Наконец, сделана оговорка о сестрах ‘внутреннего состава’, обязательно православных. Явно, что это — сердцевинный кадр. Но извне к нему примкнут ‘сестры внешнего состава’, которые могут быть и лютеранками или вообще других исповеданий. Русь так многообразна, что это непременно так и будет: под руководством русских и православных пусть работают русские других вер на помощь ближнему.
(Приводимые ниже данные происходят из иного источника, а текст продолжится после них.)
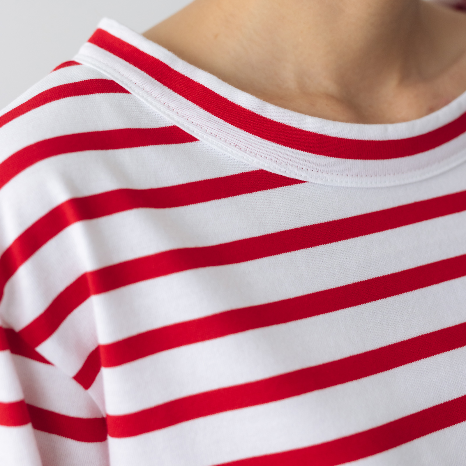 いつものボーダーコーデが一気に華やぐ新鮮なカットソーが登場です。

Уже из обещания построить со временем настоящий монастырь легко усмотреть, что данное учреждение есть вовсе не монастырь, а только имеет стиль монастыря: стиль этой строгой и чистой дисциплины, глубокой упорядоченности быта, вынесение всего сорного и грязного, что, увы, присуще едва ли не всем русским ‘учреждениям’. Но уже из оговорки, что ‘сестры должны быть непременно православные и верующие’, — видно, до чего это учреждение стоит далеко от уставного монастыря: возможно ли было бы добавить о монахинях: ‘Они должны быть православные и верующие’.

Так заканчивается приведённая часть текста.